El desvarío catalán ha puesto a los nacionalismos ante sus límites, que no son sólo jurídicos sino que se encuentran tanto en el pluralismo de las sociedades como en un marco institucional y económico de integración europea que establece un coste insoportable para cualquier proceso unilateral de secesión.

Comparado con el ‘procés’, la propuesta del PNV gana en su apariencia de moderación y el esfuerzo por legitimarla no sólo acudiendo a normas constitucionales y estatutarias –las Disposiciones Adicionales Primera y única, respectivamente– sino en el resultado ‘confederal’ que se derivaría. Alguien como el lehendakari Urkullu, que llegó a definir los terroristas como «personas que se relacionan en negativo con los derechos humanos», es lógico que cuide de que su partido no airee vieja retórica tremendista al plantear de este tema. Como no se habla de unilateralidad, ni de secesión, y cita preceptos constitucionales, insiste en el pacto y se refiere a una futura relación confederal entre el País Vasco y España como resultado del proceso, la propuesta nacionalista ha suscitado reacciones muy benévolas que tienden a subrayar las diferencias entre las conclusiones del PNV sobre el autogobierno vasco y la actuación de sus parientes catalanes en busca de una ruptura frontal de España, con esperanzas –ya se ha visto hasta qué punto infundadas– de algún tipo de reconocimiento internacional.

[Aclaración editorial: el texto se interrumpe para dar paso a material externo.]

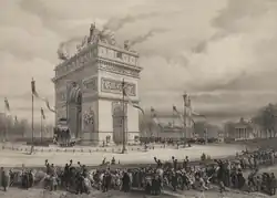 W oddali można było zobaczyć powolny, pośród pary i słońca, na szarym i czerwonym tle Champs-Élysées, wysokie białe statuy przypominające fantomy, rodzaj złotej góry. Nie można było jednak dostrzec niczego, ale swego rodzaju połyskujące światło sprawiło, że cała powierzchnia konduktu spowijała się to blaskiem gwiazd, to rozbłyskiem pioruna. Ogromny objął tę zjawę szmer.
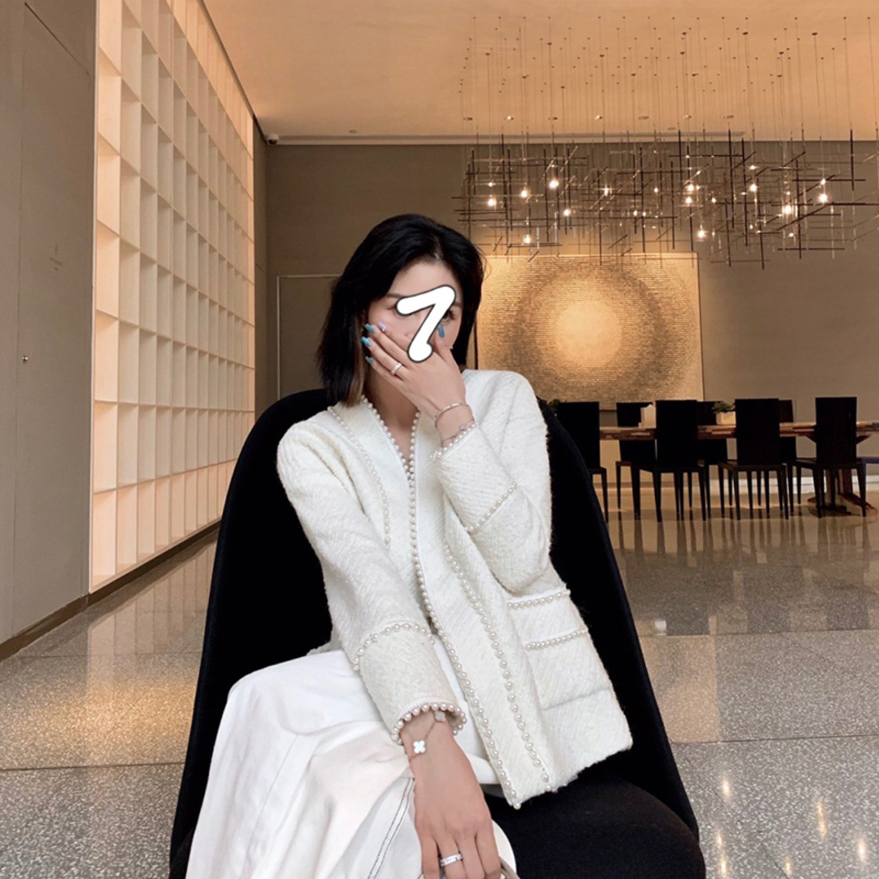 SMTHMA ホワイト ツイード レディース ビーズ ジャケット 秋/冬 ウール コート ルーズ ウール クリック チャケタス デ オータム 秋物 ウィンター 冬物

Sin embargo, hay pocas novedades en las conclusiones del PNV, si es que hay alguna más allá del tono más cauteloso de lo habitual. Pedir el reconocimiento del derecho autodeterminación y a cambio ofrecer al Estado una moratoria para su ejercicio de 10, 15 o 20 años es algo que Xabier Arzalluz explicaba a todo el que le quería escuchar. Recurrir de nuevo a la Disposición Adicional Primera de la Constitución como si esta fuera la chistera del mago de la que todo puede extraerse o utilizarla como una cláusula mediante la cual la Constitución admitiría su propia ruptura invocando los derechos históricos, tampoco es que sea noticia bomba en el acervo doctrinal del nacionalismo. Y esa fórmula confederal de relación por mucho que se vincule a la idea apacible de pacto es una alteración radical del marco constitucional que, desde luego, no es posible proponer como una reforma estatutaria. Ahí es donde el derecho a decidir reclamado se convierte en un juego de suma cero inaceptable según el cual todo el poder de decisión que se quiere atribuir a un sujeto más allá de su ámbito propio –en este caso la comunidad autónoma–, es el poder de decisión que tendría que perder el sujeto político soberano que no es otro que el conjunto de los ciudadnos españoles, vascos incluidos. El PNV haría bien en pensárselo antes de volver a meter a la sociedad vasca en el bucle soberanista cuyas consecuencias, por experiencia propia y ajena, nos resultan demasiado bien conocidas.